Multiple ADCs targeting CLDN 18.2 have reached late-stage clinical development.

“When you look at the data, the response rates and progression-free survival are fairly consistent across these molecules,” said Smyth. “Sonesitatug vedotin has completed recruitment to the phase III randomized CLARITY trial. If it shows the efficacy demonstrated in phase I/II, that will likely establish it as the first CLDN 18.2 ADC to move into clinic.”

Combination therapy with a CLDN 18.2 ADC is an obvious next step in clinical investigation. Early experience with JS107 plus CAPOX chemotherapy and toripalimab (Loqtorzi) in a phase I study of untreated advanced gastroesophageal cancer showed an 87% overall response rate and median PFS of 11.1 months. However, the results came with a heavy treatment burden, leading to dose interruption in 78% of patients and dose reduction in 29%.

“We should not get overexcited about the response rate,” said Smyth. “Yes, 88% is high. But in my opinion, this treatment is too much for patients. This is triplet chemotherapy plus PD-1. We know triple chemotherapy is not tolerated in esophagogastric cancer. Global registration trials for any ADC in the future will more sensibly look at doublet chemotherapy plus PD-1.”

CAR T-Cell Therapy

CAR-T therapy has had a transformative impact on blood cancers, but solid tumors have proven to be far more challenging.

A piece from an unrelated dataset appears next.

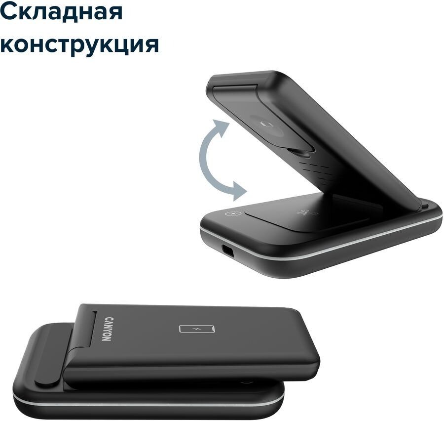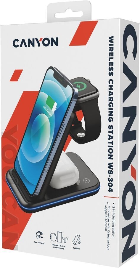 CANYON WS-304, Foldable 3in1 Wireless charger, with touch button for Running water light, Input 9V/2A, 12V/1.5AOutput 15W/10W/7.5W/5W, Type c to USB-A cable length 1.2m, with QC18W EU plug,132.51*75*28.58mm, 0.168Kg, Iced Pink

“CAR-T can cure hematological cancers, but solid tumors are different,” said Smyth. “CAR-T is a process as much as a medicine, with apheresis and manufacture requiring time and bridging chemotherapy and lymphodepletion, which requires fitness that many gastric cancer patients do not have. Unlike CD19 [a common target in hematologic cancers], solid tumor antigens are heterogenous, difficult to reach, and are found in an immunosuppressive tumor microenvironment.”

The first randomized trial of a CAR T-cell therapy for gastroesophageal cancer, conducted in China, met the primary endpoint, achieving an objective response rate of 26% and a median PFS of 3.25 months versus 1.77 months for the control arm.

“There is no doubt this is exciting for a solid tumor,” said Smyth. “However, the comparator, which included some tyrosine kinase inhibitors and other ineffective third-line treatments, was weak; and the long-term survival is unimpressive compared to what we see in hematological cancers.”

“When you take this in context of the onerous requirements for patients, including bridging therapy and lymphodepletion, and the financial resources required, we need better outcomes before this could be justified as a mainstream treatment,” she added.